6.3.1. Linear Regression To arrive at the best linear regression model, the stepAIC function was used from the
MASS18 library in R. After 10 Fold Cross-Validation, the coefficients and associated p-values
for the best model is shown in Table 6.
Covariate Coefficient p-Value
Intercept -87.712 ≤ .05
Core Math Average 1.861 ≤ .05
CQPA .065 ≤ .05
CCPS .0532 .0667
Took MA100 -.2771 ≤ .05
Modeling -.5148 ≤ .05
Single Variable Calculus -.6233 ≤ .05
Standard Non STEM .9141 ≤ .05
Standard STEM .8738 ≤ .05
STEM w/ MA103 Validation .8176 ≤ .05
Remedial to STEM w/ Validation 1.2673 ≤ .05
Advanced Non STEM .9070 ≤ .05
Advanced STEM .8528 ≤ .05
Table 6: Resulting Coefficients from Linear Regression Model
The reader may notice that the p-value for CCPS is > .05. We acknowledge that the p-value
is larger than our significance level (α), however, we leave it in the model because this
model has the smallest error in predicting our test set.
The four modeling assumptions for linear regression (linearity, normality,
heteroscedasticity, and independence) are satisfied.
6.3.2. Regularization To arrive at the best regularization model, tuned parameters of α at 0, .55, and 1 and λ from
0 to 1 using the glmnet package through CARET. After 10 Fold Cross-Validation the best
model as determined by RMSE with α = 1 and λ = .001821 is as follows:
Predictor Variable Coefficient
Intercept .00468
Core Math Average 1.7842
CQPA .0725
CCPS .0537
Rock -.2301
Modeling -.48654
18 Venables and Ripley, 2002.
Single Variable Calculus -.5838
Standard Non STEM .0318
STEM w/ MA103 Validation -.0439
Remedial to STEM w/ Validation .2976
Advanced NON Stem .0189
Advanced STEM -.00039
Advanced to Standard -.7877
Table 7: Resulting Coefficients from Regularization Model
6.3.3. Random Forest We also ran a random forest model using the randomForest package in R. We arrived at the
best tree-based model through creating 500 trees per forest. After 10 Fold Cross-Validation,
the best model (as determined using the smallest RMSE with 13 variables randomly
sampled as candidates at each split), organized by variable importance as determined by
node purity is shown below in Table 8.
Rank Predictor Variable
1 Core Math Average
2 CQPA
3 Single Variable Calculus
4 Modeling
5 Rock
6 CCPS
7 Advanced STEM
8 Standard Non STEM
9 Standard STEM
10 STEM w/ MA103 Validation
11 Rock
12 Advanced to Standard
13 Remedial to STEM w/ Validation
14 Advanced NON Stem
Table 8: Rank of Variable Importance from the Random Forest Model
6.3.4. Ensemble While there are many complicated ways to ensemble multiple models, we shied away from
the more complicated methods of bagging, boosting, or stacking and averaged the results of
the model. This helped maintain interpret-ability while giving equal weight to each model.
Instead of simply picking one model with the lowest RMSE on the test set, we chose this
ensemble method so that no single model, if it made systematically biased estimates, would
dominate the predictions.
6.4. Survey Methodology There is far more to the question of whether academically homogeneous classrooms are
beneficial that cannot be answered through student test scores. The student’s perspective of
this approach can provide valuable insight into the qualitative impact of the Research Team’s
study. Additionally, faculty techniques and practices add useful experiential detail from a
pedagogical reference point. We use two surveys to achieve our desired feedback from this
study.
We aim to avoid leading questions on the surveys to avoid bias.

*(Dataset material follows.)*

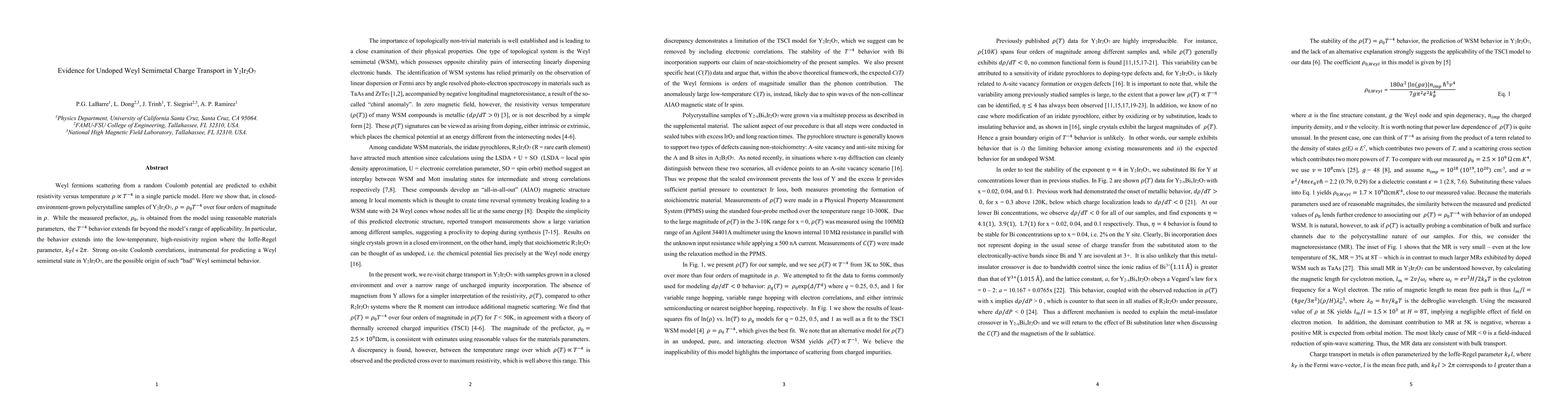 This study demonstrates that $Y_{2}Ir_{2}O_{7}$ exhibits Weyl semimetal charge transport with resistivity $\rho \propto T^{-4}$ over four orders of magnitude, extending beyond the model's applicability, suggesting strong on-site Coulomb correlations may underpin its unique behavior.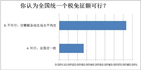 但對于全國統一個稅免征額是否可行的問題,經濟觀察網73.21%的網友認為不可行,應該根據各地生活水平而定。

Students in the ability group
are not explicitly told that they are sectioned by ability during the semester but it is clear to
many that there is some structure to the class as shown in Section 4.4. We do not think that a
student being aware that they are sectioned by ability will bias their survey results in any way
but that is a possibility we recognize and a potential limitation to our results. We give the
student survey at the end of the semester and the five questions related to the study were
mixed in with other course and department-level questions. The goal of this survey is to
answer five key questions of interest for us related to the study by comparing the results
between the Ability and Random groups.
1. Was our model effective at putting Cadets of like ability together? 2. Does grouping by ability help Cadets learn better/feel more comfortable with the
course material? 3. Does a homogeneous classroom make students more comfortable and willing to
engage in class? 4. Does a homogeneous classroom allow instructors to cater to the class in a way that
does not hold stronger students back or leave struggling students behind? 5. Would students prefer to learn in an academically homogeneous environment?
The actual questions/statements we pose are Likert Scale in nature and include:
1. My mathematical abilities were aligned with the rest of my section.
2. This course helped me understand and analyze complicated problems.
3. I was engaged and felt comfortable participating during class.
4. The pace of the lessons throughout the semester were…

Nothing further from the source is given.